== WHAT YOU ARE ASKED TO DO ==
Repeat each entry exactly, but do not carry over the pictures.

== GIVEN RECORDS ==
:::::

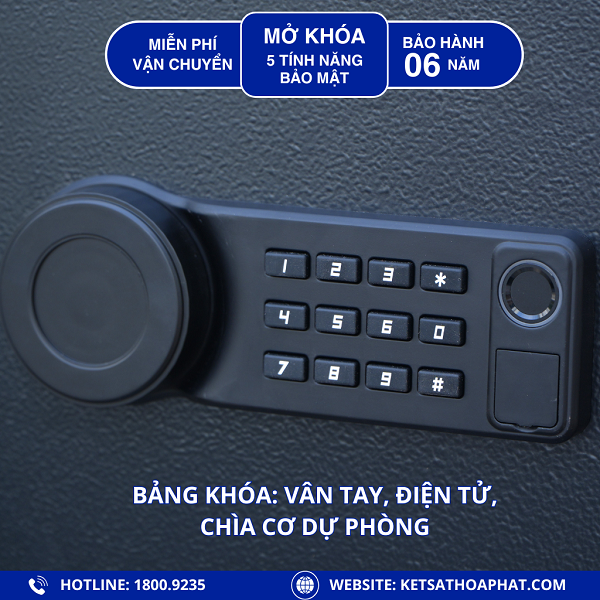 Phương thức mở: Vân tay – Mã điện tử – Chìa cơ – Mở kép – App điện thoại
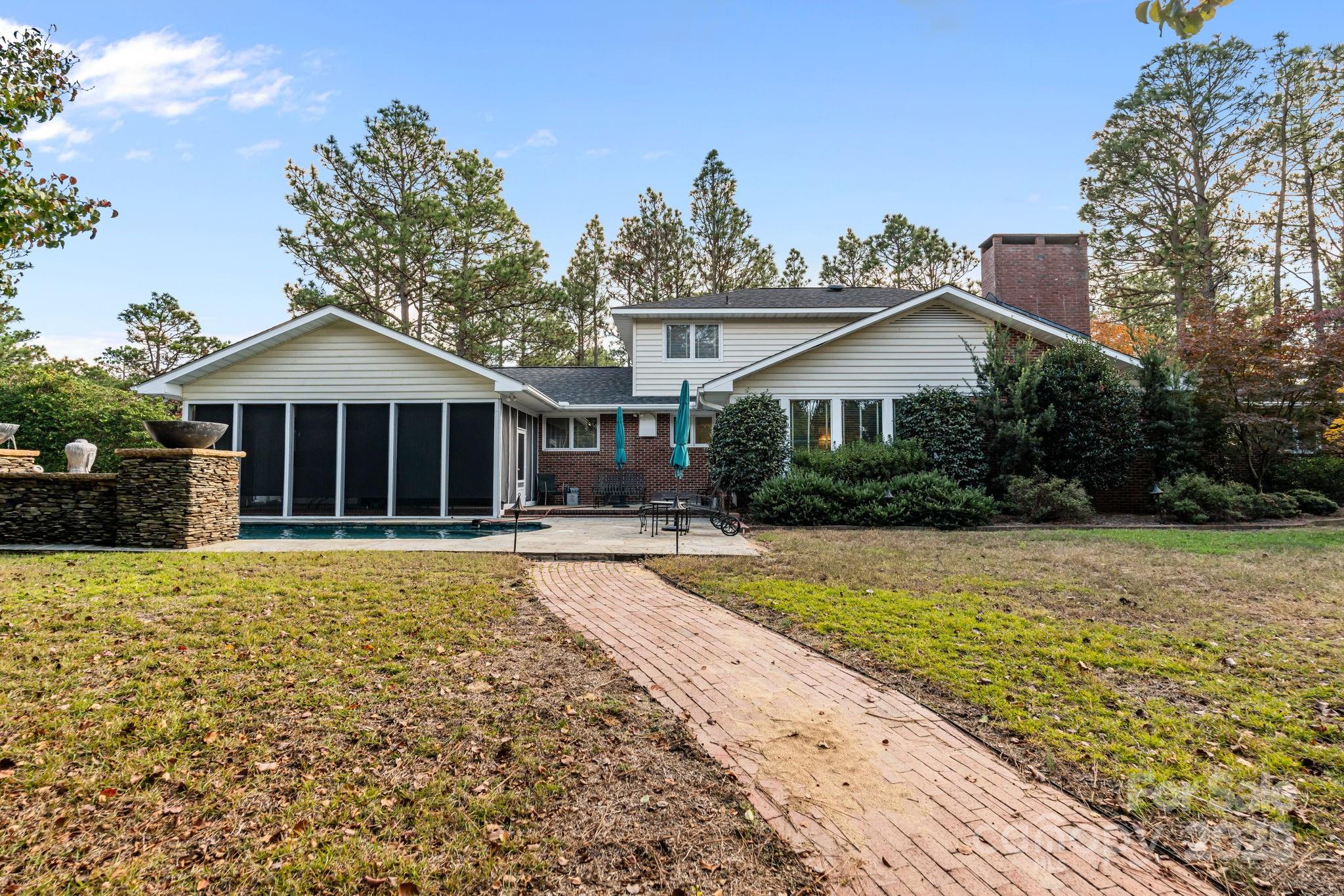 Executive Home on Nearly 2 Acres with Golf Course Frontage and Pool - and a Buildable Lot for Expansion! Nestled in the heart of Whispering Pines, this one-of-a-kind executive home spans three combined lots totaling 1.98 acres, offering the rare opportunity to create your own family compound. The additional third lot provides room to build another home or guest cottage—perfect for multigenerational living or future investment. The flat, beautifully landscaped grounds back directly up to the golf course, blending privacy and stunning views. The property features a heated in-ground salt water pool with waterfall offering a tranquil water feature, surrounded by mature trees. Inside, this custom home offers generous living spaces and endless potential. The massive butler's pantry—complete with its own island and extensive cabinetry—anchors a kitchen built for entertaining. Inside, the home delivers both function and warmth. The spacious kitchen features a large stainless-steel-topped island with an electric Jenair downdraft 5 burner cooktop, double KitchenAid ovens, and a 36'' griddle—ideal for cooking big breakfasts or hosting weekend gatherings. There's even room for a large table and chairs, making it the true heart of the home. Throughout the main level, you'll notice the attention to detail and elegant ogee archways that gracefully separate the main living spaces, giving the home a timeless sense of craftsmanship and flow. The primary suite is conveniently located on the main level, while two additional bedrooms and 2 full baths upstairs provide flexibility for family or guests. This home already delivers space, character, and a spectacular setting—Properties like this don't come around often in Whispering Pines—golf-front, pool, acreage, and room to grow.
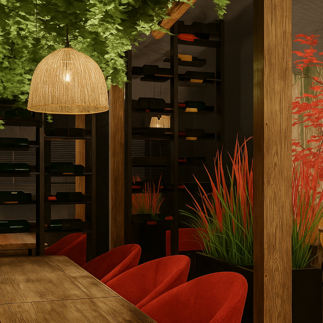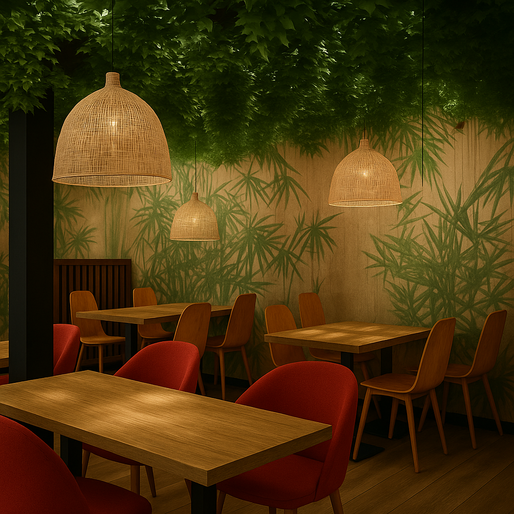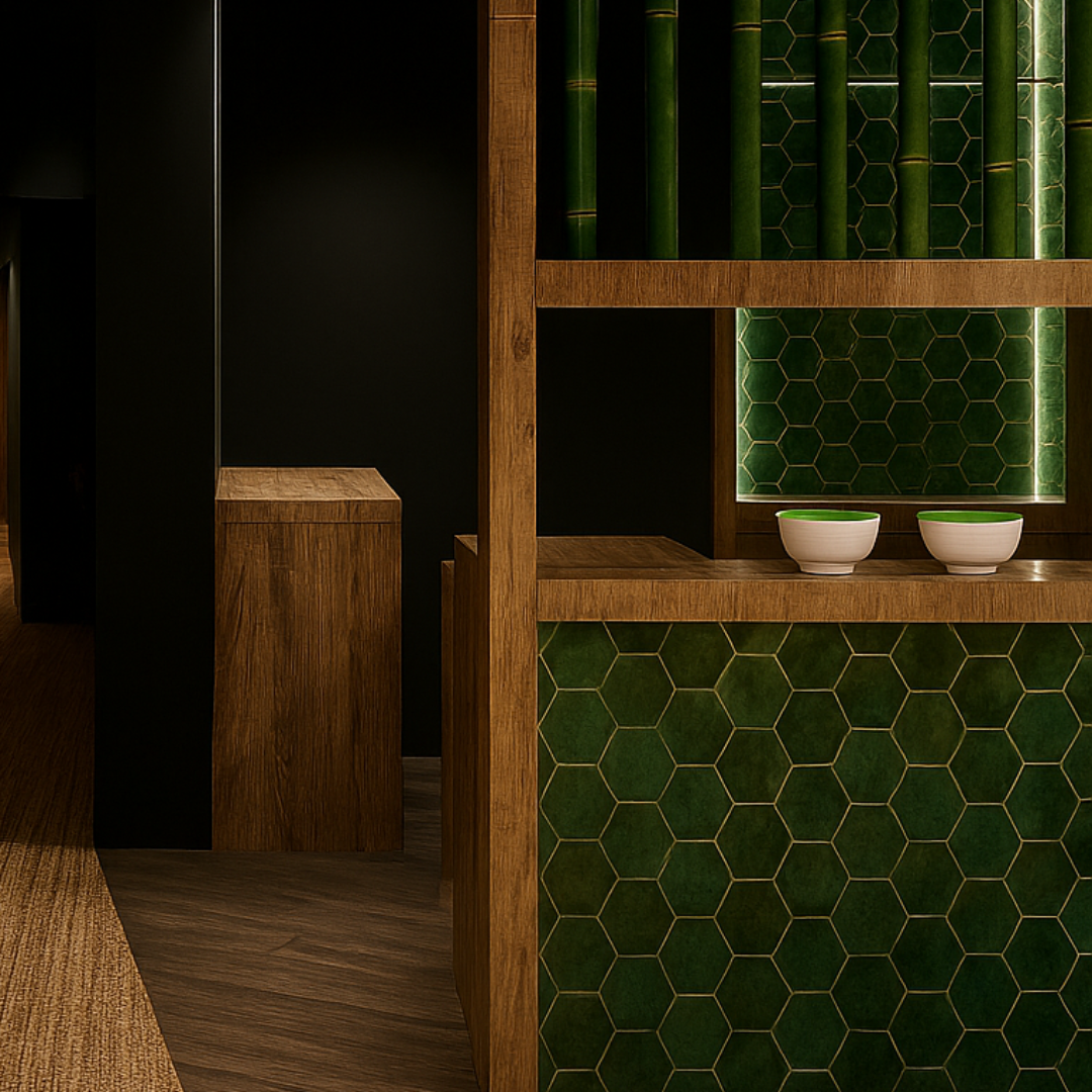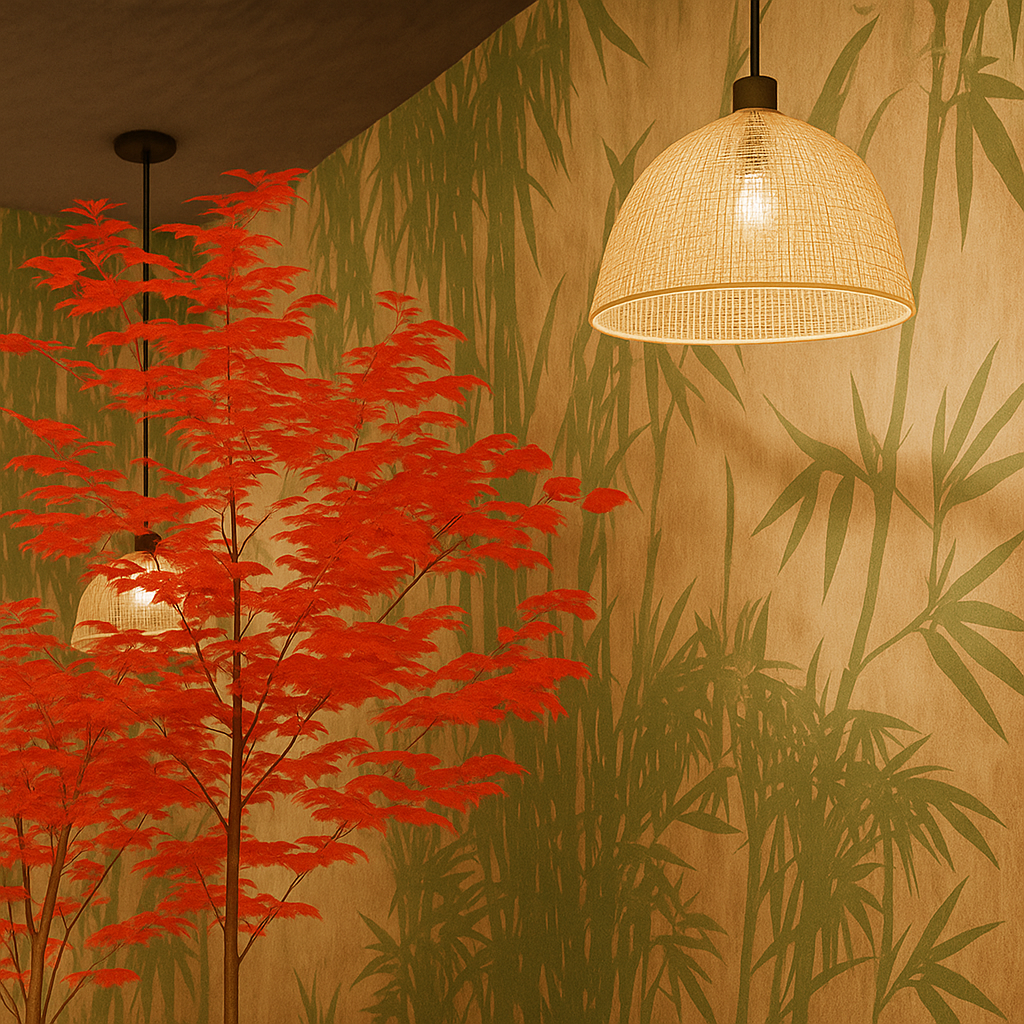 Voor het interieur is bewust gekozen voor de herfstperiode, een seizoen vol rijke, levendige kleuren die direct doen denken aan de adembenemende Japanse herfstlandschappen. Naast de serene groene basistonen zorgen de warme tinten rood en geel voor een opvallend contrast, wat een authentieke en energieke sfeer creëert. Het kleurenpalet belichaamt de harmonie en balans die kenmerkend zijn voor Japan, terwijl het ook een spannende en mysterieuze sfeer oproept, passend bij de betekenis van de natuurlijke omgeving binnen de Japanse cultuur.
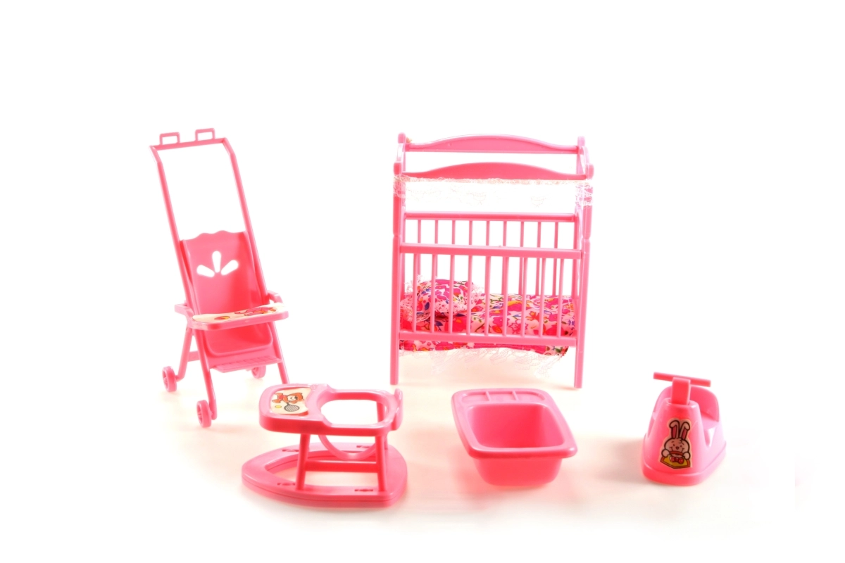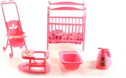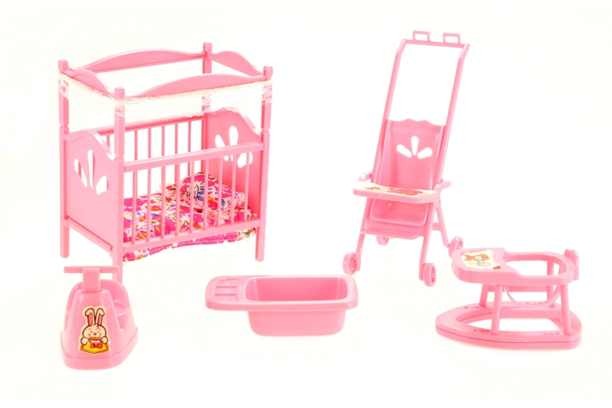 Kompletan set za dječju sobicu za lutke GLORIE razveselit će svakog malog skrbnika. U setu ćete pronaći krevetić s pokrivačem i jastučićem, kolica, hodalicu, noću posudu i kadicu – sve od izdržljive plastike i u veličinama idealnima za igru. Odlično za razvoj mašte i igre uloga. Pogodno od 3 godine.
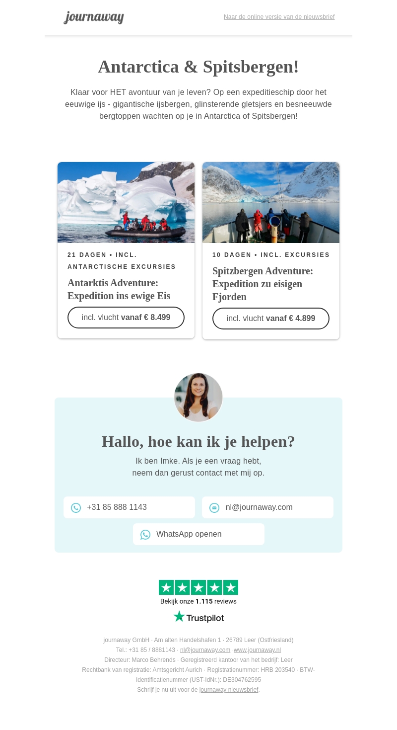 Beleef een onvergetelijke expeditie door het adembenemende landschap van Antarctica en Spitsbergen. Laat je meevoeren langs gigantische ijsbergen en glinsterende gletsjers. Boek nu je avontuur met vluchten inbegrepen vanaf € 4.899. Ontdek de pakkende reisprogramma's voor zowel 21 als 10 dagen, inclusief uitgebreide excursies.
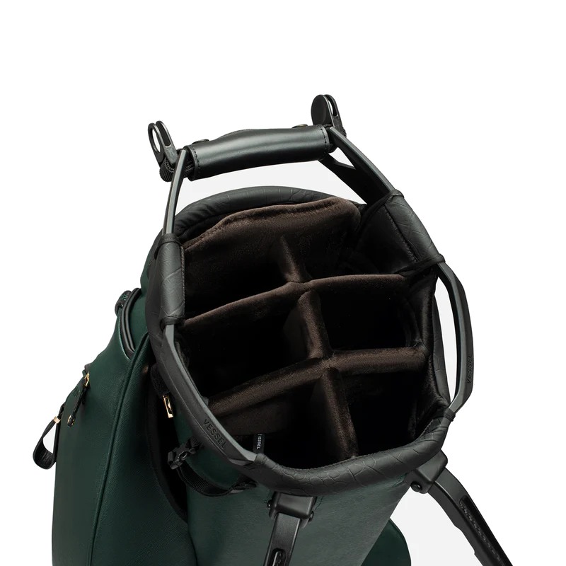 Experience the pinnacle of luxury performance with the Player V Pro. Meticulously crafted for the highest level of functionality and on-course convenience. The newly designed 7-and-14 way tops offer best in class club organization with dedicated putter storage and offset club dividers for optimal club viewing and retrieval. The Player V Pro utilizes VESSEL’s patented technologies (Equilibrium Double Strap and Rotator Base) for maximum balance and superior stability. Intentionally placed high strap-attachment points promote further balance and eliminate club fallout while the bag is being carried. A key feature is the cart strap pass-through for added protection when used on a cart or trolley. With too many fine details to name, you’ll be pleasantly surprised to discover that every detail, every element, of the Player V Pro is thoughtfully crafted for an uncompromised game.

:::::

== TASK ANSWER ==
 Phương thức mở: Vân tay – Mã điện tử – Chìa cơ – Mở kép – App điện thoại
 Executive Home on Nearly 2 Acres with Golf Course Frontage and Pool - and a Buildable Lot for Expansion! Nestled in the heart of Whispering Pines, this one-of-a-kind executive home spans three combined lots totaling 1.98 acres, offering the rare opportunity to create your own family compound. The additional third lot provides room to build another home or guest cottage—perfect for multigenerational living or future investment. The flat, beautifully landscaped grounds back directly up to the golf course, blending privacy and stunning views. The property features a heated in-ground salt water pool with waterfall offering a tranquil water feature, surrounded by mature trees. Inside, this custom home offers generous living spaces and endless potential. The massive butler's pantry—complete with its own island and extensive cabinetry—anchors a kitchen built for entertaining. Inside, the home delivers both function and warmth. The spacious kitchen features a large stainless-steel-topped island with an electric Jenair downdraft 5 burner cooktop, double KitchenAid ovens, and a 36'' griddle—ideal for cooking big breakfasts or hosting weekend gatherings. There's even room for a large table and chairs, making it the true heart of the home. Throughout the main level, you'll notice the attention to detail and elegant ogee archways that gracefully separate the main living spaces, giving the home a timeless sense of craftsmanship and flow. The primary suite is conveniently located on the main level, while two additional bedrooms and 2 full baths upstairs provide flexibility for family or guests. This home already delivers space, character, and a spectacular setting—Properties like this don't come around often in Whispering Pines—golf-front, pool, acreage, and room to grow.
 Voor het interieur is bewust gekozen voor de herfstperiode, een seizoen vol rijke, levendige kleuren die direct doen denken aan de adembenemende Japanse herfstlandschappen. Naast de serene groene basistonen zorgen de warme tinten rood en geel voor een opvallend contrast, wat een authentieke en energieke sfeer creëert. Het kleurenpalet belichaamt de harmonie en balans die kenmerkend zijn voor Japan, terwijl het ook een spannende en mysterieuze sfeer oproept, passend bij de betekenis van de natuurlijke omgeving binnen de Japanse cultuur.
 Kompletan set za dječju sobicu za lutke GLORIE razveselit će svakog malog skrbnika. U setu ćete pronaći krevetić s pokrivačem i jastučićem, kolica, hodalicu, noću posudu i kadicu – sve od izdržljive plastike i u veličinama idealnima za igru. Odlično za razvoj mašte i igre uloga. Pogodno od 3 godine.
 Beleef een onvergetelijke expeditie door het adembenemende landschap van Antarctica en Spitsbergen. Laat je meevoeren langs gigantische ijsbergen en glinsterende gletsjers. Boek nu je avontuur met vluchten inbegrepen vanaf € 4.899. Ontdek de pakkende reisprogramma's voor zowel 21 als 10 dagen, inclusief uitgebreide excursies.
 Experience the pinnacle of luxury performance with the Player V Pro. Meticulously crafted for the highest level of functionality and on-course convenience. The newly designed 7-and-14 way tops offer best in class club organization with dedicated putter storage and offset club dividers for optimal club viewing and retrieval. The Player V Pro utilizes VESSEL’s patented technologies (Equilibrium Double Strap and Rotator Base) for maximum balance and superior stability. Intentionally placed high strap-attachment points promote further balance and eliminate club fallout while the bag is being carried. A key feature is the cart strap pass-through for added protection when used on a cart or trolley. With too many fine details to name, you’ll be pleasantly surprised to discover that every detail, every element, of the Player V Pro is thoughtfully crafted for an uncompromised game.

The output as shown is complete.